Language of document : ECLI:EU:T:2010:367

Zaak T‑319/05

Zwitserse Bondsstaat

tegen

Europese Commissie

„Externe betrekkingen – Overeenkomst tussen Europese Gemeenschap en Zwitserse Bondsstaat inzake luchtvervoer – Duitse maatregelen met betrekking tot aanvliegen van luchthaven van Zürich – Verordening (EEG) nr. 2408/92 – Rechten van verdediging – Discriminatieverbod – Evenredigheidsbeginsel”

Samenvatting van het arrest

1.      Vervoer – Luchtvervoer – Toegang van communautaire luchtvaartmaatschappijen tot intracommunautaire routes – Door lidstaat genomen maatregelen ter beperking of weigering van uitoefening van vervoersrechten

(Verordening nr. 2408/92 van de Raad, art. 8, leden 2 en 3, en 9, leden 1‑4)

2.      Vervoer – Luchtvervoer – Toegang van communautaire luchtvaartmaatschappijen tot intracommunautaire routes – Voorschriften betreffende uitoefening van vervoersrechten

(Overeenkomst EG-Zwitserland over luchtvervoer, art. 2; verordening nr. 2408/92 van de Raad, art. 8, leden 2 en 3)

3.      Unierecht – Beginselen – Gelijke behandeling – Discriminatie op grond van nationaliteit – Verbod – Toepassing in kader van overeenkomst EG‑Zwitserland over luchtvervoer

(Art. 12 EG; overeenkomst EG-Zwitserland over luchtvervoer, art. 1, leden 2 en 3; verordening nr. 2408/92 van de Raad)

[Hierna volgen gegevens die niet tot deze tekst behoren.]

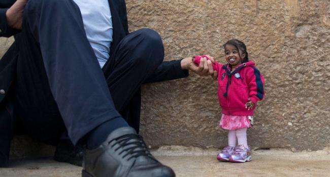 Джоти, напротив, является самой маленькой женщиной в мире, и ее рост составляет всего 62,8 сантиметров. Рекордсмены приехали в Египет по приглашению Министерства туризма, специально, чтобы принять участие в фотосессии.
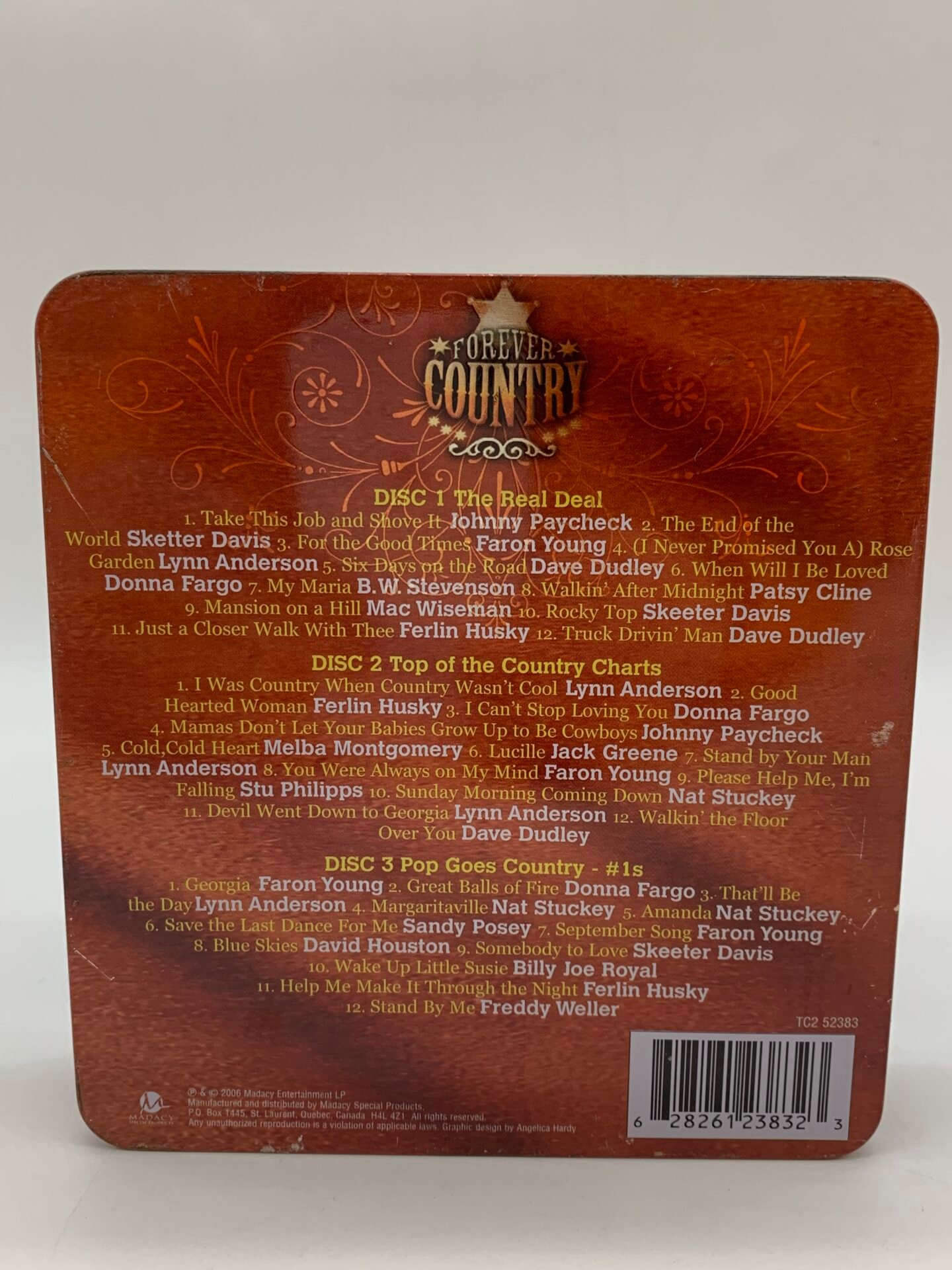 Complete 3-disc country music set in collectible metal tin case.
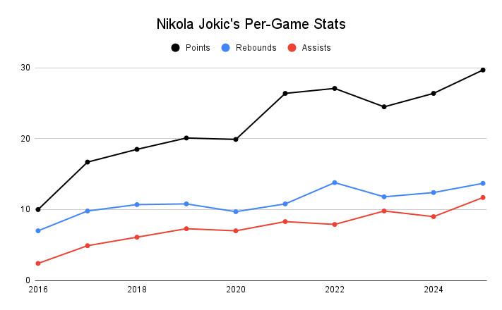 So it’s really saying something that Jokic’s start to the 2024-25 season represents the best stretch of his regular-season career. Don’t just take my word for it; the numbers say so. According to game score—an all-in-one metric designed to capture a player’s overall production—Jokic is somehow one-upping himself. The following chart shows the best non-overlapping 10-game stretches of Jokic’s career; his start to this season ranks second, behind only a 10-game span—from Game 4 of the first round through Game 2 of the conference finals—during his run to a championship in the 2022-23 postseason.

1.      Artikel 9 van verordening nr. 2408/92 betreffende de toegang van communautaire luchtvaartmaatschappijen tot intracommunautaire luchtroutes vormt een lex specialis ten opzichte van artikel 8 van deze verordening, in die zin dat artikel 9 slechts betrekking heeft op een deel van de maatregelen bedoeld in artikel 8 en aan de toepassing van de betrokken maatregelen aanvullende voorwaarden verbindt, waarin artikel 8 niet voorziet. De maatregelen bedoeld in artikel 9 bevatten in wezen een minstens voorwaardelijk of gedeeltelijk verbod om de vervoersrechten uit te oefenen.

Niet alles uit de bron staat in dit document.